Fidèles, toujours disponibles, jamais fâchés… Chiens, chats et autres oiseaux font le bonheur de la moitié de nos foyers. Mais saviez-vous qu'en plus de l'affection qu'ils nous portent et des joies qu'ils nous procurent, ils veillent sur notre santé ?

Vous avez craqué pour Ulysse, ce superbe épagneul qui fait la joie de la maisonnée, pour Minette, votre chatte adorée ou Titi, cet adorable canari orangé qui enchante depuis peu vos matinées ? Vous avez eu raison ! Non seulement ce sont des compagnons parfaits, mais en plus, ils ont des effets bénéfiques sur la santé. Les chiens d'aveugles ne sont plus seuls à récolter les lauriers dans ce domaine. Beaucoup de médecins voient désormais également d'un bon œil la présence de nos animaux familiers à nos côtés… y compris en milieu hospitalier. Alors que l'hôpital Bretonneau à Paris ou le centre hélio-marin de Hyères accueillent avec bonheur des chiens « thérapeutes » en centre de long séjour, soins palliatifs ou dans des services pédiatriques, l'hôpital Charles Foix (Ivry), continue d'héberger un parc animalier.

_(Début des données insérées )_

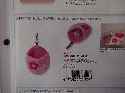 まずはこちら「スリッパポーチ」ハムちゃんやモモンガなどの小型小動物用ポーチです。
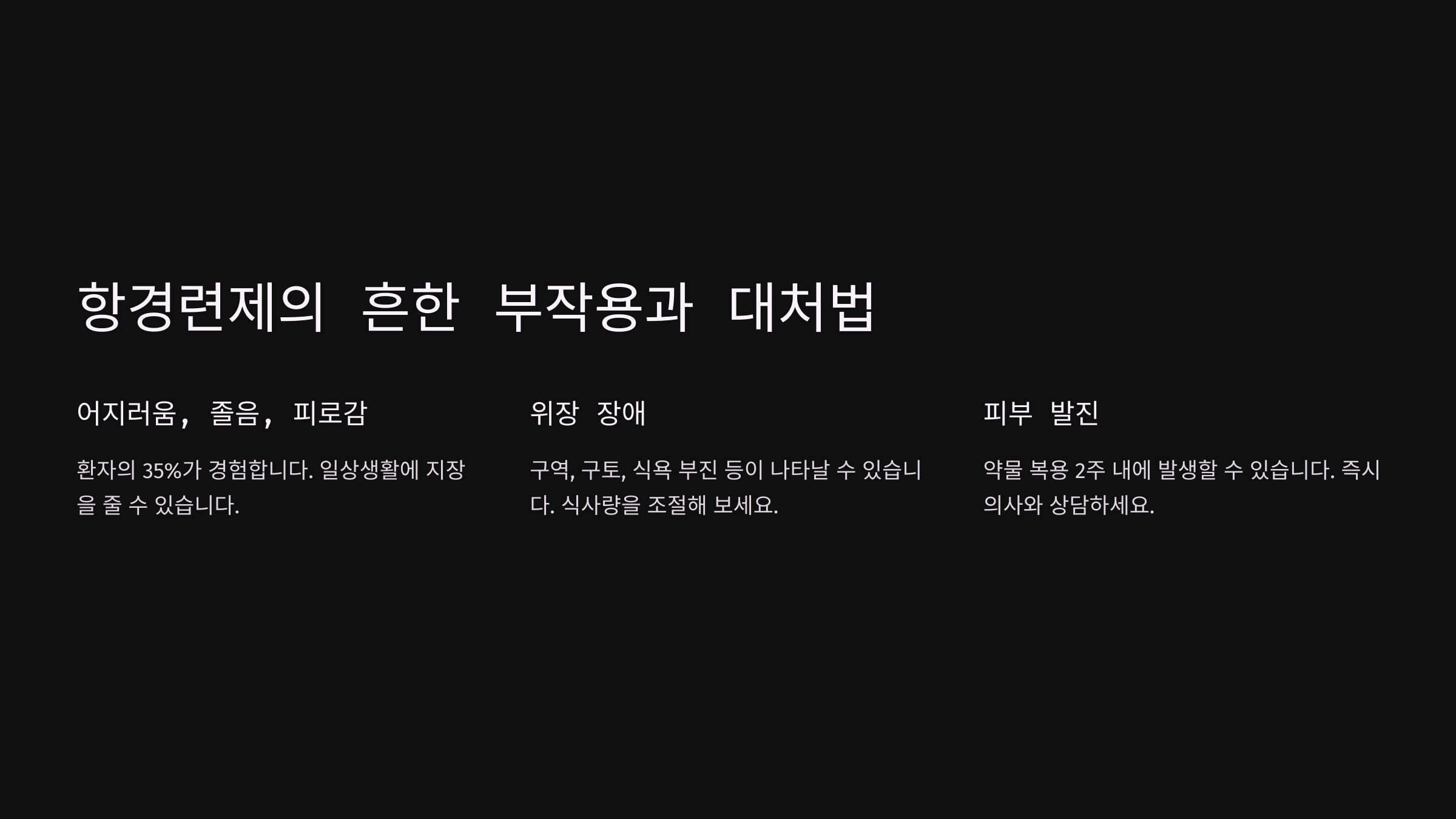 항경련제는 뇌 신경 활동을 안정시키는 데 필수적인 약물이지만, 다양한 부작용을 동반할 수 있어요. 무시하고 복용을 지속하면 건강에 심각한 영향을 미칠 수 있기 때문에 반드시 관리가 필요하답니다.🤔

Six minutes de caresses pour faire chuter la tension

Et pour cause ! Vous avez de la tension ? Selon les travaux du professeur Friedman (université de New-York), six minutes de caresses à votre toutou, à votre chat ou un quart d'heure face à un aquarium la fait systématiquement baisser. Mieux encore, en évitant que notre pression artérielle ne s'élève brutalement (en cas de stress notamment), leur seule présence suffit à diminuer les risques d'accidents cardiovasculaires. Résultat : celles d'entre nous qui s'entourent d'animaux après soixante-dix ans, ont la même pression artérielle que leurs petites-filles (travaux menés à l'université de Buffalo aux Etats-Unis) ! Et ce n'est pas tout, nos gentilles petites bêtes nous éviteraient aussi de déprimer. Telle est en tout cas la conclusion de certaines recherches américaines parvenues à mettre en évidence que les propriétaires de chats et de chiens atteints du Sida sont moins sujets à la dépression.

 

Chiens, chats : ils veillent sur notre moral

Mais quoi de plus logique après tout ? On connaît les résultats de cette autre étude menée outre-Atlantique qui a démontré que les personnes physiquement diminuées sont plus heureuses, ont une meilleure estime d'elles-mêmes et un réseau de relations nettement plus développé lorsqu'elles ont un canin complice auprès d'elles ! Il est aussi établi que ceux qui ont un animal dans leur vie résistent mieux aux coups durs, consultent moins souvent leur médecin et mènent plus facilement à bien leurs activités quotidiennes… Pourquoi ? Parce que s'occuper d'un animal dont on a le sentiment d'être aimé, donne un sens, un but à l'existence. Ainsi s'explique la foi inébranlable qu'ont certains cadres de santé en la thérapie assistée par l'animal. « Je suis persuadé, confie Patrick Javel, infirmier et maître du chien « visiteur » de l'hôpital Bretonneau, que le soutien psychologique qu'apporte Parîs et l'affection qu'il donne sans compter permettent aux patients de mobiliser plus efficacement leurs défenses immunitaires ».

 

Des poissons contre la maladie d’Alzheimer ?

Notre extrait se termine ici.